Problem statement: Please repeat exactly the lines below from the line with "Peu importe dans" to the line with "FYY Over The", including both, and leave out every picture.

|---|

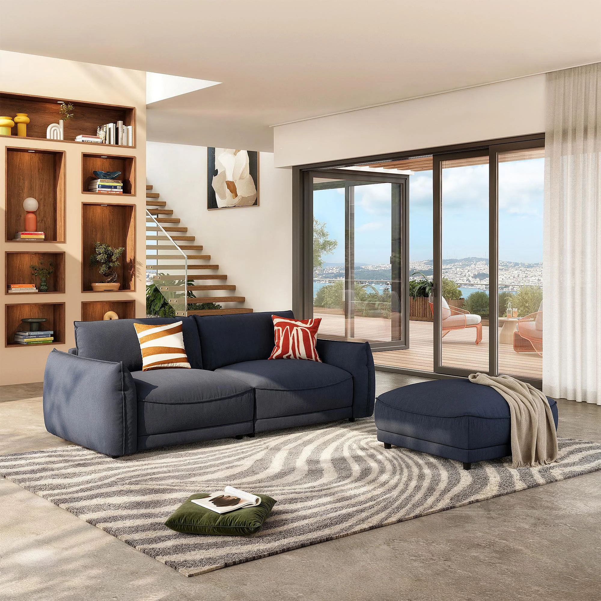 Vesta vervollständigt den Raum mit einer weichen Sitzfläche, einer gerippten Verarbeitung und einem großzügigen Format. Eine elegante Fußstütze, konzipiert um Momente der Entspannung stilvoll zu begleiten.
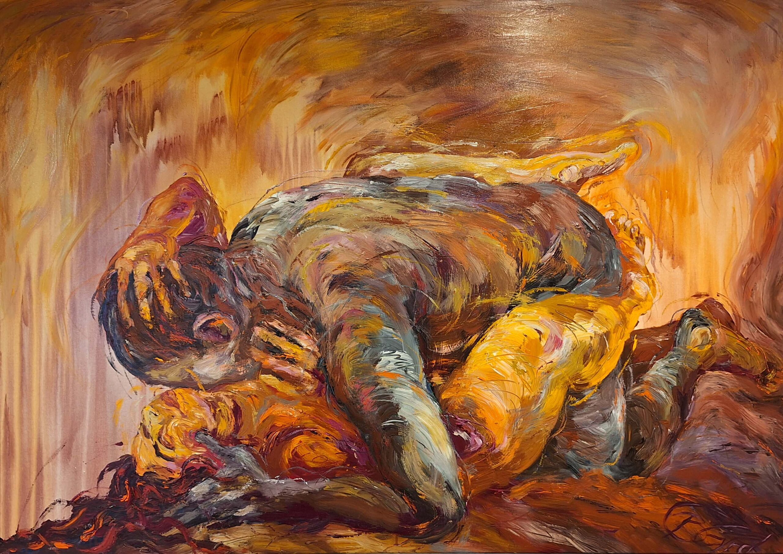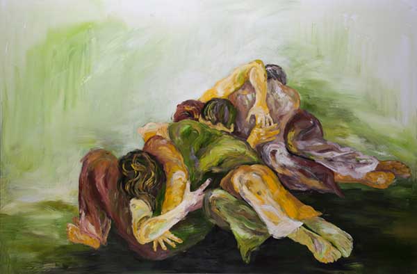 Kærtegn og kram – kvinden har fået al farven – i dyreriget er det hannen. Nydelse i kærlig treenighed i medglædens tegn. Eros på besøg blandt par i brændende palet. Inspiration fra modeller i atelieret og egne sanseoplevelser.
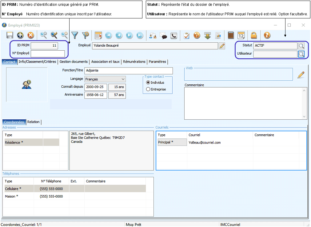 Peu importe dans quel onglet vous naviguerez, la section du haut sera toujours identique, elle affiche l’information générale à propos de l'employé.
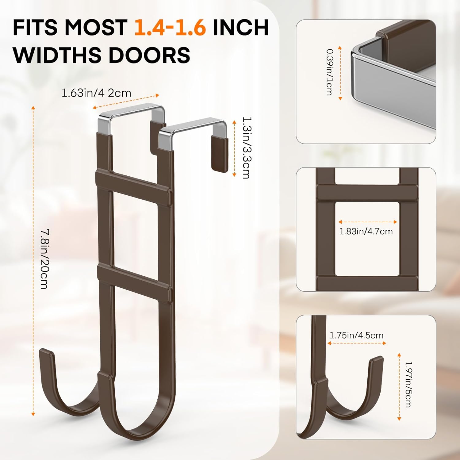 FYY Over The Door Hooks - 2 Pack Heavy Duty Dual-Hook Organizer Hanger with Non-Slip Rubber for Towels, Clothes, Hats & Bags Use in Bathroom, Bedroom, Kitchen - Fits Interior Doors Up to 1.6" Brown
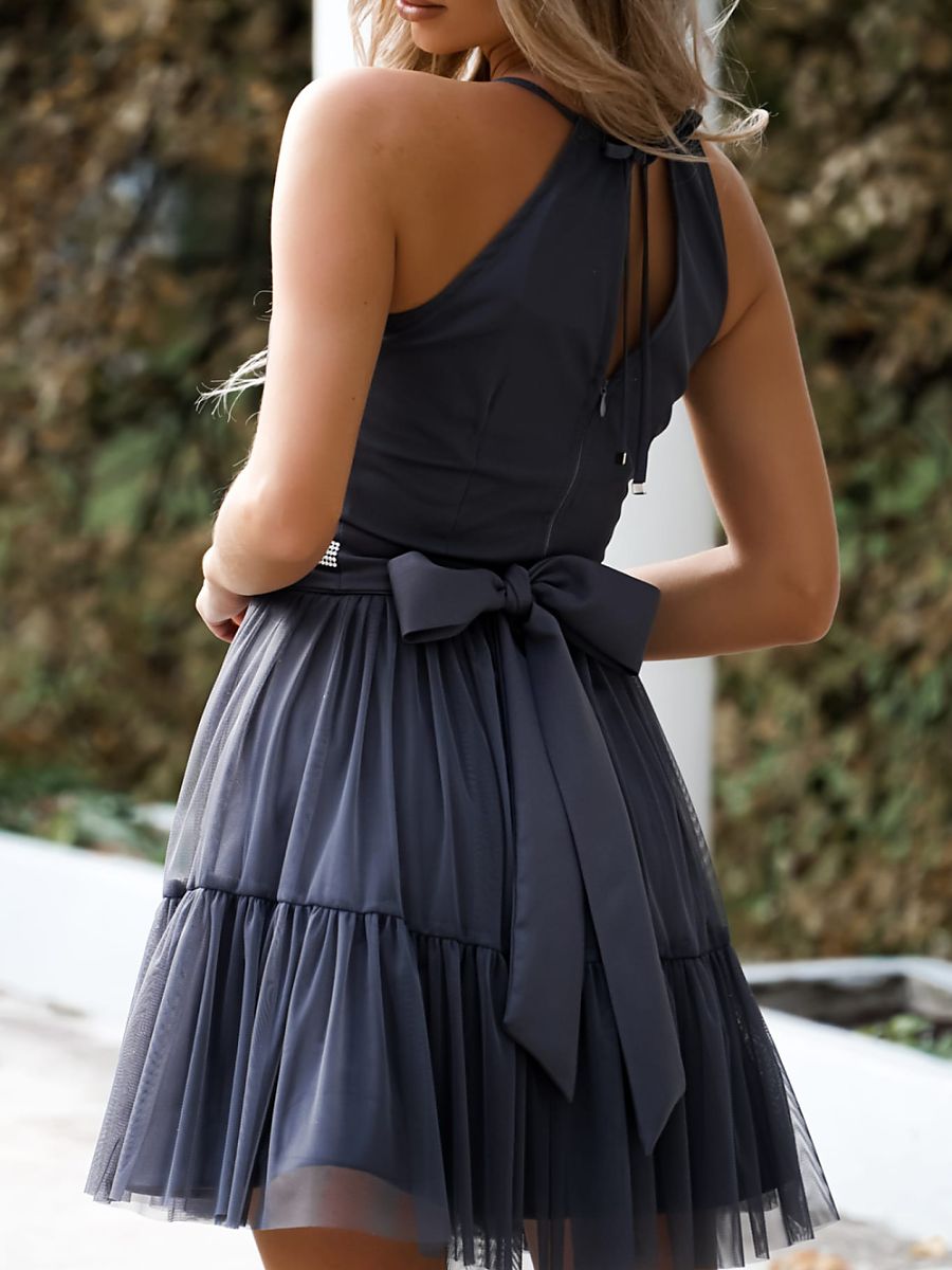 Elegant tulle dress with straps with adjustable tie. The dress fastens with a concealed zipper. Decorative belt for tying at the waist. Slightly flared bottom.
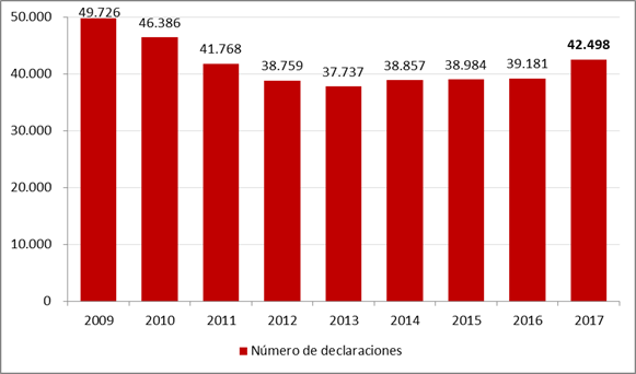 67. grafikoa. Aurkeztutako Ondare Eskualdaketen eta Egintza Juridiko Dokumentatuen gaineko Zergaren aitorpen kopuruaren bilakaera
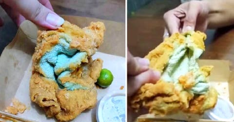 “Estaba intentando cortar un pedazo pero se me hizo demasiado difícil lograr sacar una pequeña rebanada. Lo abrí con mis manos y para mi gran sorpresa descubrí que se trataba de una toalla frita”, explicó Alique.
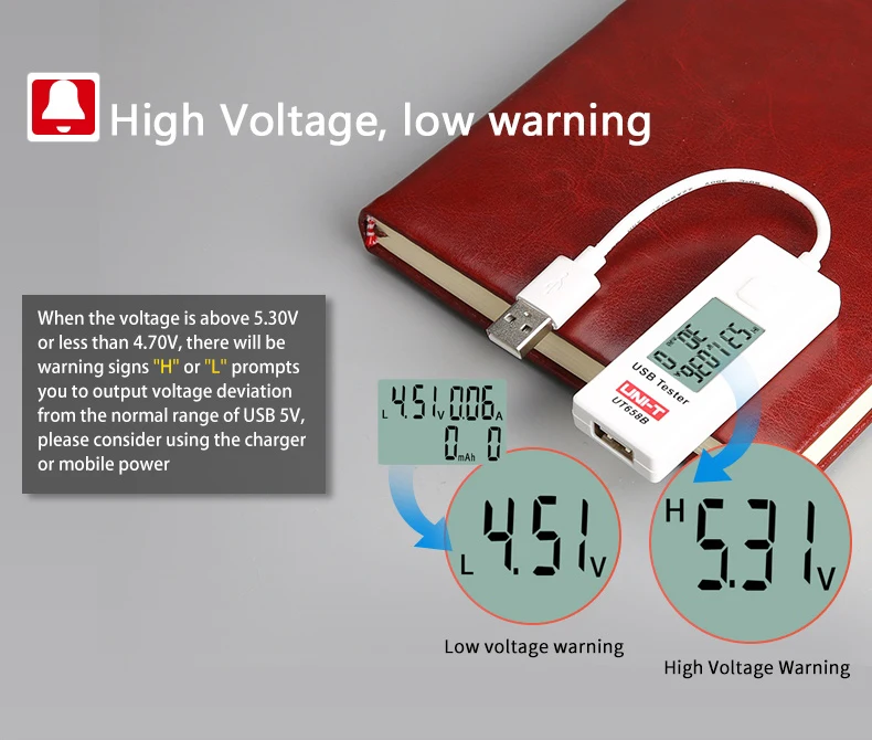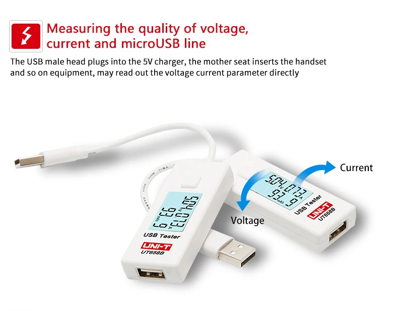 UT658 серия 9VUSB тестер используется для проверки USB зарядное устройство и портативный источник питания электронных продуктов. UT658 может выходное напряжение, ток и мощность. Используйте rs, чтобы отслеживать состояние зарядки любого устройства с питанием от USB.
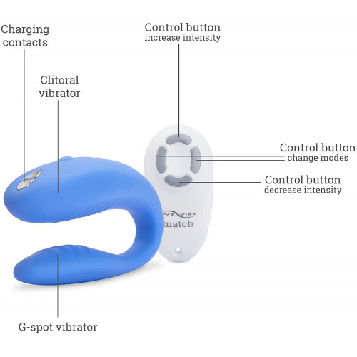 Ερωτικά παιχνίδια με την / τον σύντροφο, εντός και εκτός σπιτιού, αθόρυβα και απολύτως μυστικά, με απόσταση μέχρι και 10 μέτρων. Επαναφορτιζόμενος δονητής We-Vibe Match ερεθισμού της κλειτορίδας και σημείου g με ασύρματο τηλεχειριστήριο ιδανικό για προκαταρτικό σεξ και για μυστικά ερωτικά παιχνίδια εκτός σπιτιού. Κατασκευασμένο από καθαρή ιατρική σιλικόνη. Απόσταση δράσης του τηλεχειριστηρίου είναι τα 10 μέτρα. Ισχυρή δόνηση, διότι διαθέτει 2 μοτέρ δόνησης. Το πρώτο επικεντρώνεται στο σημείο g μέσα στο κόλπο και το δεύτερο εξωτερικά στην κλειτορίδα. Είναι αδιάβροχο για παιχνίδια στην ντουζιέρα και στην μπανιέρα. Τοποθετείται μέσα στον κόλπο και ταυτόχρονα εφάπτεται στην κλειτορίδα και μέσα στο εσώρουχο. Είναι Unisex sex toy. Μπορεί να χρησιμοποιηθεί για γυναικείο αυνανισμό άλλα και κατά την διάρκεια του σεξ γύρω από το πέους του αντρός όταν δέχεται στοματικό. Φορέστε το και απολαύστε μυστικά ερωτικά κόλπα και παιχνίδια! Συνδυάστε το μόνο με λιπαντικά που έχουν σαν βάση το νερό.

|---|

Answer box:
 Peu importe dans quel onglet vous naviguerez, la section du haut sera toujours identique, elle affiche l’information générale à propos de l'employé.
 FYY Over The Door Hooks - 2 Pack Heavy Duty Dual-Hook Organizer Hanger with Non-Slip Rubber for Towels, Clothes, Hats & Bags Use in Bathroom, Bedroom, Kitchen - Fits Interior Doors Up to 1.6" Brown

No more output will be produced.